How does automatic meeting transcription work?
The process relies on three distinct technological layers, each with its strengths and limitations.
Audio capture: bot, import, or microphone
First step: capture the audio stream. Three methods exist. The videoconferencing bot joins the call as a participant and captures the audio directly from the platform (Teams, Meet, Zoom). Audio import lets you upload a recorded file afterward (MP3, WAV, M4A). In-person microphone captures exchanges in a physical room via the computer microphone or a dedicated device.
The quality of the capture determines everything else. Teams audio compressed to 32 kbps, participants on speakerphone with echo, a microphone picking up keyboard noise: all of these factors degrade transcription before AI even comes into play. In video calls, the platform's native bot generally delivers the best results because it accesses the uncompressed audio stream.
Speech recognition: ASR and language models
The speech recognition engine (ASR, Automatic Speech Recognition) turns the audio signal into text. Current models (OpenAI's Whisper, Deepgram, AssemblyAI, Google Speech-to-Text) use neural networks trained on thousands of hours of speech. Diarization identifies who is speaking at what time, by separating the audio streams by speaker.
In laboratory conditions (clean audio, clear diction, no background noise), accuracy reaches 95 to 98% in English. In French, performance is 3 to 5 points lower depending on the engines, and drops further with regional accents or technical vocabulary. According to Market.us, average accuracy observed in real-world conditions falls to around 62%, across all engines combined.

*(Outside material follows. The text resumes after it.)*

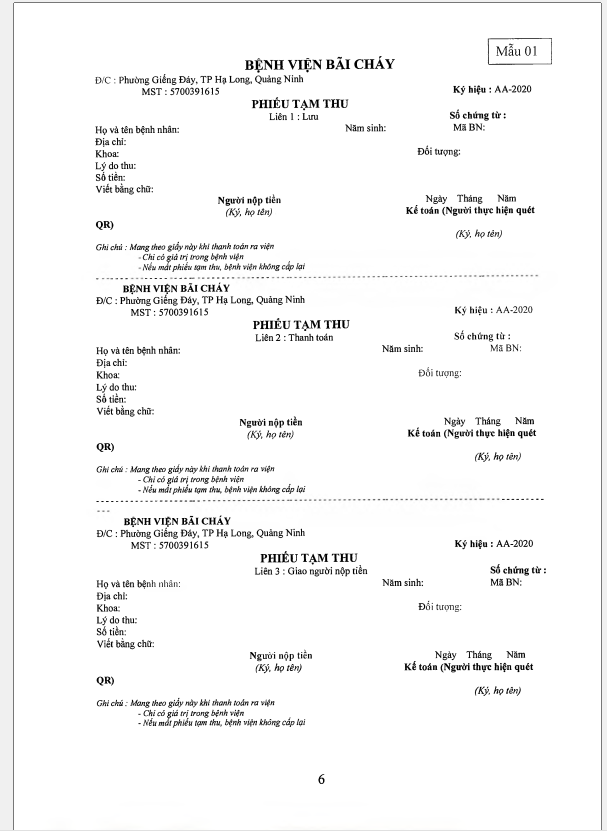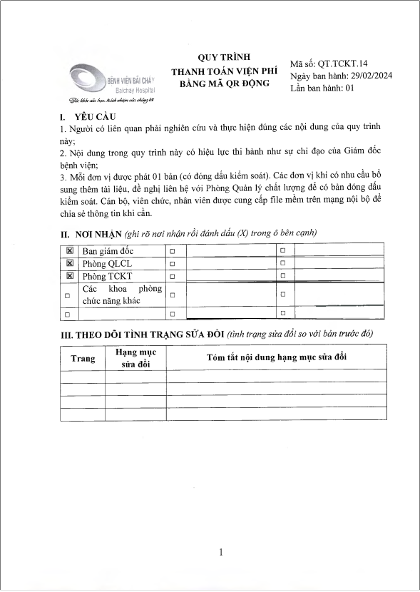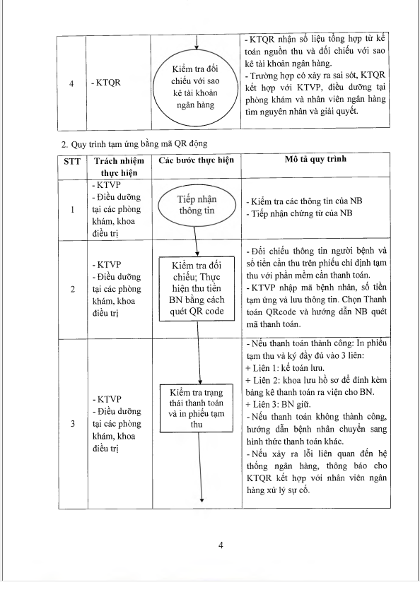 Quy trình thanh toán viện phí và tạm ứng bằng mã QR động

The gap with marketing figures is considerable.
Post-processing: summarization, extraction, structuring
Once the transcript is produced, an LLM (large language model) processing layer steps in to generate a summary, identify decisions, extract action items, and assign them to participants. This is the layer that differentiates the tools from one another. The raw transcript is almost identical from one tool to another (same ASR engines). The value lies in the quality of the post-processing.
This is also where things get complicated. A project manager in a design office described the problem to us this way: "you have to try three or four times before it selects the right information and organizes it the right way". The AI summary is a starting point, rarely a final deliverable.

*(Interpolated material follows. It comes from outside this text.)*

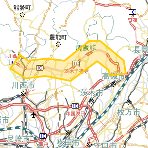 | 大阪府 | 高速有料道路 | 新名神高速道路 | 高槻JCT・IC/茨木千提寺IC/茨木千提寺PA/箕面とどろみIC/川西IC/26.2km |

What level of precision should be expected in French?
This is the central question, and the one vendors address least honestly. The accuracy figures shown on product pages correspond to optimal conditions: a quiet studio, a single speaker, standard diction, everyday vocabulary. The reality of a project meeting in a small or medium-sized business is very different.
Optimal conditions vs real-world conditions
Condition | Typical accuracy (French) | Source |
|---|---|---|
Audio studio, 1 speaker, no accent | 95-98 % | Vendor benchmarks (Flowt, AudiosTranscribe) |
Teams/Meet video call, 3-5 participants | 85-92 % | Independent tests AudiosTranscribe 2026 |
In-person, laptop mic, background noise | 70-80 % | Field feedback (no formal benchmark available) |
Regional or non-native accents | 65-80 % | Estimates, no published FR benchmark |
Technical business vocabulary | 60-75 % without a glossary | Field feedback |
Average real-world conditions all engines | ~62 % | Market.us |
Concrete translation: on a 30-minute meeting (about 4,500 transcribed words), an accuracy rate of 85% means about 675 words mistranscribed. That's the equivalent of two full paragraphs of errors. With business vocabulary (technical engineering terms, names of standards, internal acronyms), errors concentrate exactly where accuracy matters most.

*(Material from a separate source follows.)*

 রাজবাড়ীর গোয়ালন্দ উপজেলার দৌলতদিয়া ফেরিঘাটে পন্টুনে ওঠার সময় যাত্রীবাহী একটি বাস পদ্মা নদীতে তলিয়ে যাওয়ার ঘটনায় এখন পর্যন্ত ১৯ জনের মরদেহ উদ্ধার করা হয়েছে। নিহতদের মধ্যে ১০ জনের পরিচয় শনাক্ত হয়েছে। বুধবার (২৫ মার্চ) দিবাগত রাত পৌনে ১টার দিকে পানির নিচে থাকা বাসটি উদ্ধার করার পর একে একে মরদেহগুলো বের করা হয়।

What improves (or degrades) accuracy
Several factors have a measurable impact. Adding a custom business glossary improves accuracy by 10 to 15% on specific vocabulary (source: Deepgram technical documentation, AssemblyAI). Microphone choice matters: a headset with a directional mic in video calls gives better results than a laptop mic picked up from 60 cm away. Preventing participants from talking over one another improves speaker diarization. And using a wired connection instead of Wi-Fi reduces audio compression.
What no one says: the native tools in video conferencing platforms (built-in transcription in Teams, Google Meet) perform significantly worse than specialized solutions. According to AudiosTranscribe (2026), native Teams transcription tops out at around 75% accuracy in French, Google Meet around 80%, Zoom around 82%. Dedicated solutions (Otter, Fireflies, Noota, 5Days) use optimized engines and reach 88 to 95% under the same conditions.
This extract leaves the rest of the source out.